### DATA SHOWN:
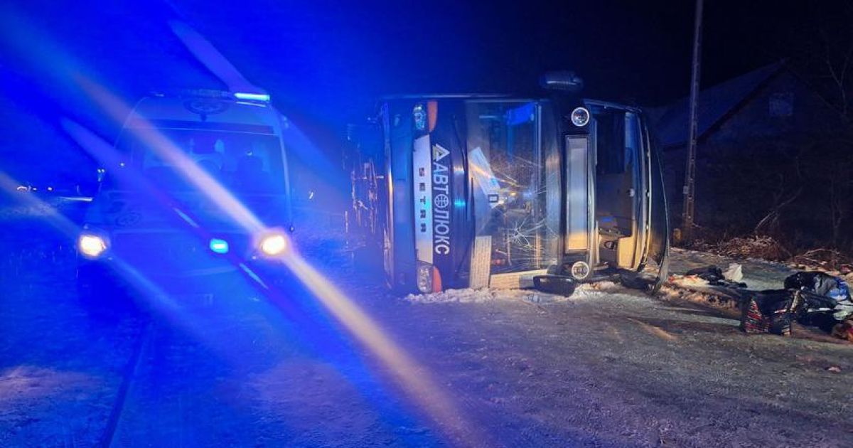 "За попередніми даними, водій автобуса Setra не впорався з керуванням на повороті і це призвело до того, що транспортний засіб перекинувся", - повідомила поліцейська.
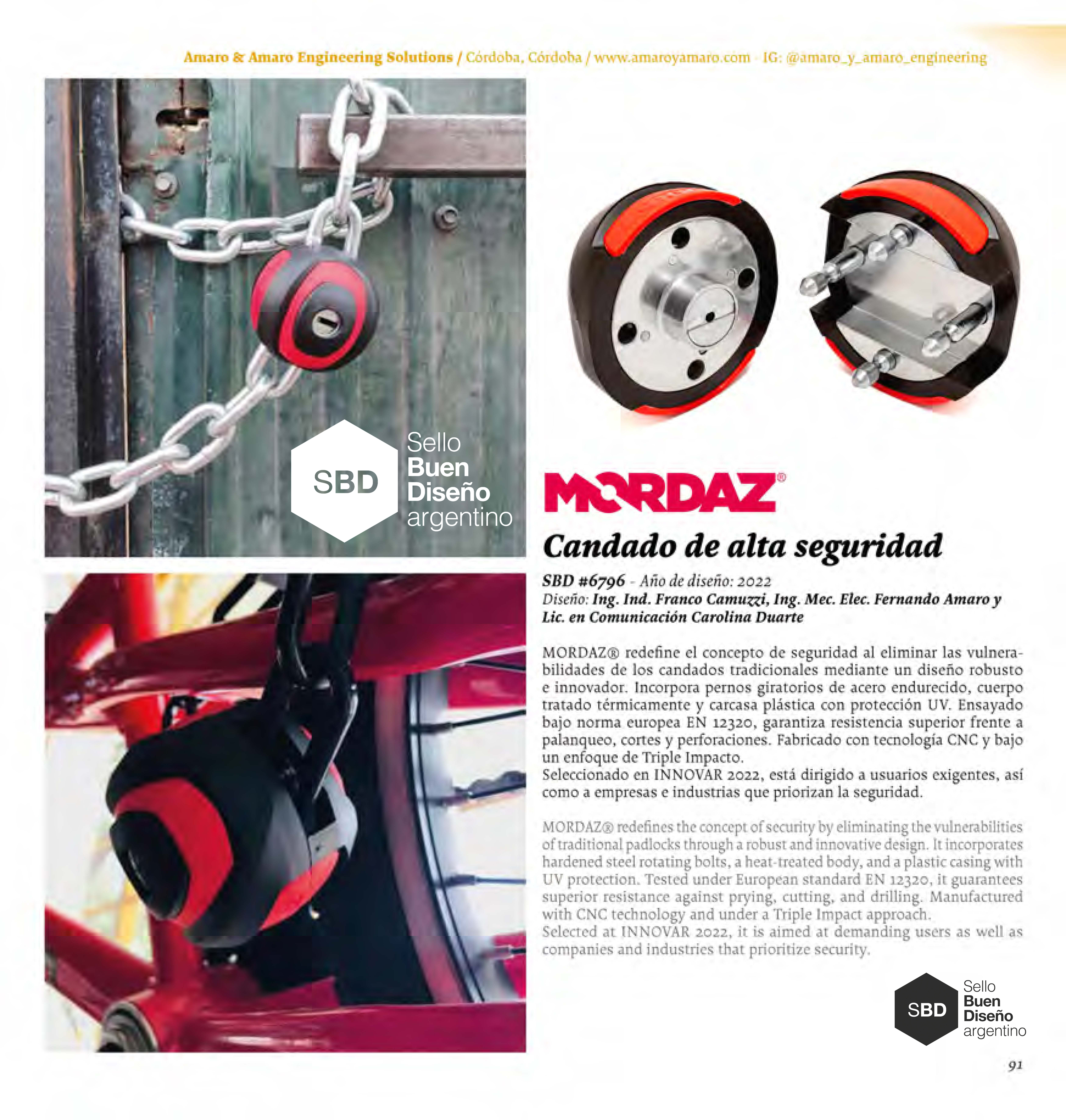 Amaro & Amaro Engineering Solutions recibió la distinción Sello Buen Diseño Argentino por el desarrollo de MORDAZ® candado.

...

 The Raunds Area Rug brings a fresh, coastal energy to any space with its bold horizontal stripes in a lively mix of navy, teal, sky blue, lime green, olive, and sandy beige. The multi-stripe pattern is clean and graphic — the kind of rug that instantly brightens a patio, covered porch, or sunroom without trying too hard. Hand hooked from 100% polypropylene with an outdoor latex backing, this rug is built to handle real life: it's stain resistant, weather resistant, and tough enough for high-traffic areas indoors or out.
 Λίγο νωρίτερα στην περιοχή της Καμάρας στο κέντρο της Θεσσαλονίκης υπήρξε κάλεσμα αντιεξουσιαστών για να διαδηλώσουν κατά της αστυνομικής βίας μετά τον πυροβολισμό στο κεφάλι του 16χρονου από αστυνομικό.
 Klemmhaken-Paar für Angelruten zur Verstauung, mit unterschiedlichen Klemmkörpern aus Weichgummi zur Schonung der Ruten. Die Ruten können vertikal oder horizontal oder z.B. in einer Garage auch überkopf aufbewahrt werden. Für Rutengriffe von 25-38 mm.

==

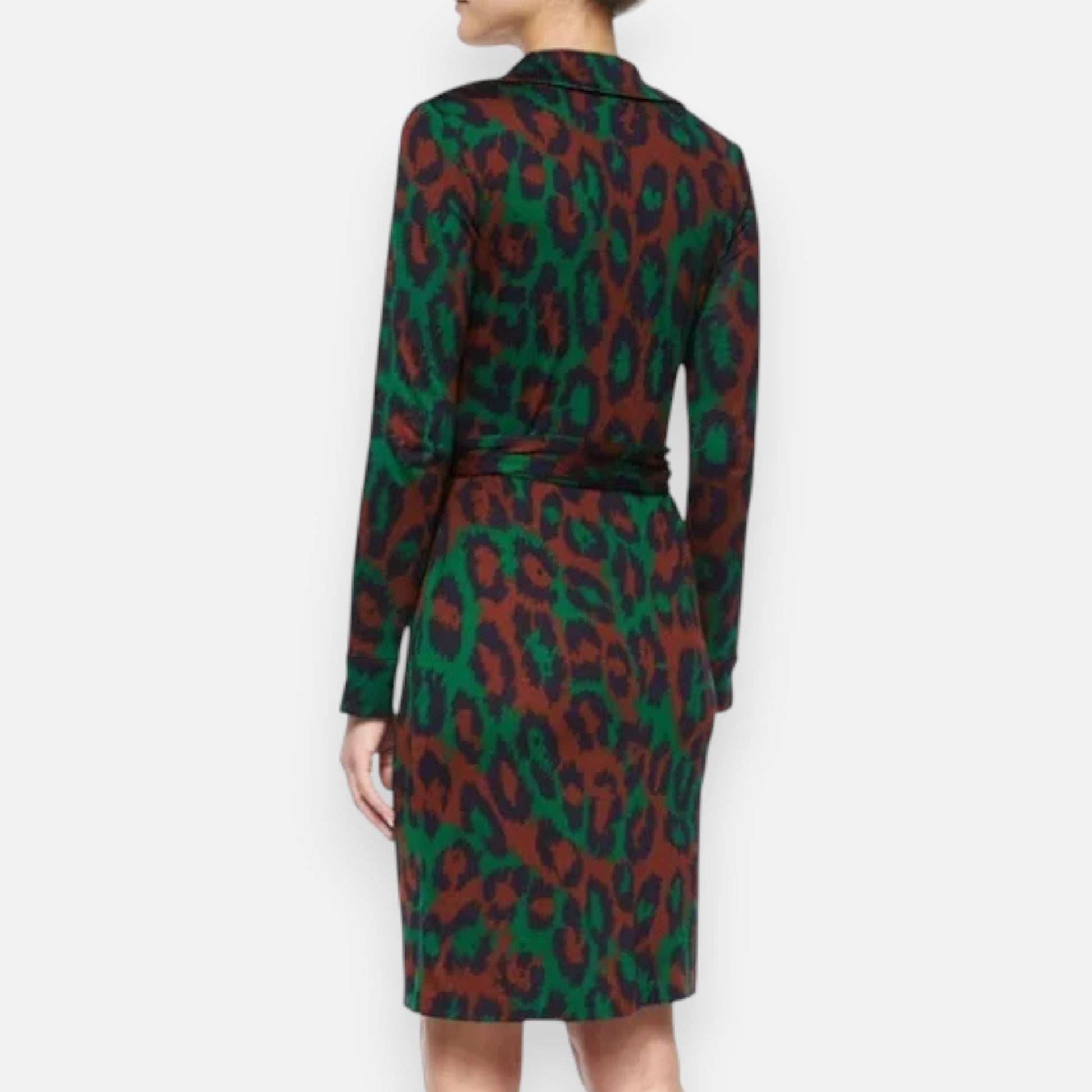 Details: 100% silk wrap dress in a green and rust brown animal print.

### DIRECTIONS FOR THIS TASK:
What lines above hold the word "horizontal"? List them all.

### YOUR SOLUTION:
 The Raunds Area Rug brings a fresh, coastal energy to any space with its bold horizontal stripes in a lively mix of navy, teal, sky blue, lime green, olive, and sandy beige. The multi-stripe pattern is clean and graphic — the kind of rug that instantly brightens a patio, covered porch, or sunroom without trying too hard. Hand hooked from 100% polypropylene with an outdoor latex backing, this rug is built to handle real life: it's stain resistant, weather resistant, and tough enough for high-traffic areas indoors or out.
 Klemmhaken-Paar für Angelruten zur Verstauung, mit unterschiedlichen Klemmkörpern aus Weichgummi zur Schonung der Ruten. Die Ruten können vertikal oder horizontal oder z.B. in einer Garage auch überkopf aufbewahrt werden. Für Rutengriffe von 25-38 mm.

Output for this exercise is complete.